As I said, the subject of the Gyllenhaals, despite our pressing troubles, has never been far from my mind. It's seeping into my writing and isn't giving me a lot of breathing room. I'm even unable to write about them fictionally because even fictional treatment can barely disguise them — a mysterious contemporary Hollywood family consisting of a manque director father, manipulative screenwriter mother and two emotionally confused movie-star children might be the stuff of Harold Robbins, except it's all real, it's happening now, and four years ago this July it got dumped in my lap. I have to deal with this material some way or another, or I will go nuts.
So this is what I'm gonna do. I started what's going to be a longish essay called "A Poet from Hollywood: The Secret History of the Gyllenhaals" and I'm going to privately circulate it, in parts, by email. While this multi-part essay should not at this time be considered ready for general publication, please feel free to share this and the other upcoming emails with anyone you think might be interested.
So, OK! Maybe you're interested? Here are some of her tales of Gyllenhaal:
Item: October 2006. Stephen's granddaughter Ramona Sarsgaard is born, several days later he gives a reading at the Zinc Bar in Soho, and what is now known in Jake Gyllenhaal fan circles as "Babygate" transpires.
[The blog linked to above is an obsessive Gyllenhaal stalking blog, which might suggest that Christopher is nothing more than a crazed, jilted fan...]
Item: December 2006. A freak fire in Northern California completely wipes out the luxury guest lodge where the entire Gyllenhaal family are staying for the holidays, resulting in Stephen running out of the lodge at three in the morning barefoot and sans underwear, but carrying out the single most important item to him in the room — not the twenty thousand dollar Rolex watch given to him by his wife for their anniversary, but his laptop containing the only copy of his first novel.
Item: February 2007. Stephen is scheduled to host a viewing of one of his films and read his poetry for a long-standing reading series at Colorado U, Boulder. A reception is organized for him in the Paleontology Department of the university. All the guests are already there but Stephen is nowhere to be found. I ask the coordinator where he is. She points to a closed door. "He's in the cloak room on his cell phone, talking to his analyst."
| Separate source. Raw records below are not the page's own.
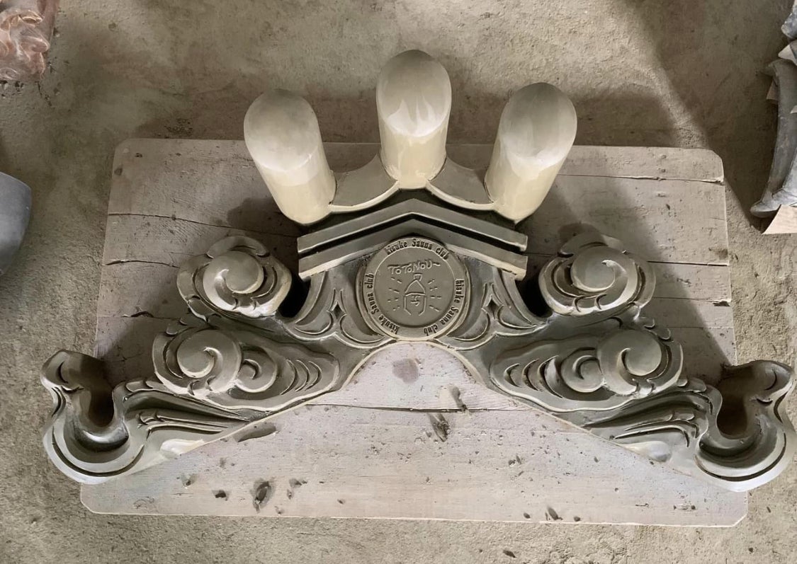 サウナ神社のシンボルとなる巨大鬼瓦は、750年の歴史を誇る菊間瓦の鬼師の職人技により製作されます。家屋を守る厄除けとしての役割があります。
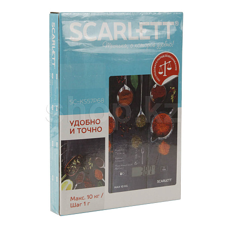 Кухонные весы Scarlett SC-KS57P68 определяют вес продуктов до 10 кг. Устройство также может определить объём воды или молока. Стеклянная платформа легко очищается и не впитывает запахи. Увеличенное время работы в режиме ожидания до 3 минут позволит производить измерения, не отвлекаясь на повторное включение прибора.
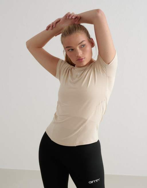 Aim'n – Café au Lait – Weiches, kurzärmliges Basic-T-Shirt in Beige
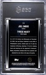The card features the legendary Joel Embiid alongside the rising star, Tyrese Maxey, an enticing combination for any basketball enthusiast. The dynamic duo's synergy is palpable, making this card a must-have for your collection. This card beautifully encapsulates the essence of the game and the indomitable spirit of these athletes.

Item: March 2007. Huntington Beach, California. Stephen, tired from a day of shooting a TV show, reads his poetry for a local reading series. At this time he reveals his secret desire to stab Naomi to death with a kitchen knife, not only to the stunned crowd of seniors but to Naomi's father, who is in the audience.
Item: August 2007. Stephen begins his research into the problems of the homeless by neglecting to shave for two days and sleeping on the streets of LA's Skid Row.
Christopher also mentions our April post about Gyllenhaal's bizarre Madoff-defending blog rant, and the fact that the elder Gyllenhaal's divorce proceedings revealed them to be mostly broke.
Sigh. We were sorta hoping for gossip like "Oh yeah, and Jake's totally gay," but alas, no such luck yet.
So whose side are we to fall on here? The odd, idiosyncratic Gyllenhaal, now being curiously maligned? Or the crazy-seeming Cantara Christopher, a former performer in a "Swedish Erotica series" who does seem to have some credible access to the Gyllenhaal clan, even if it was gained by creepy stalkerish behavior?
Well, until we know just what supposedly caused this apparent falling out (from beloved to be-gossiped), we're going to hold off judgment on both camps.
Let's just hope no one gets stabbed with a kitchen knife before that happens.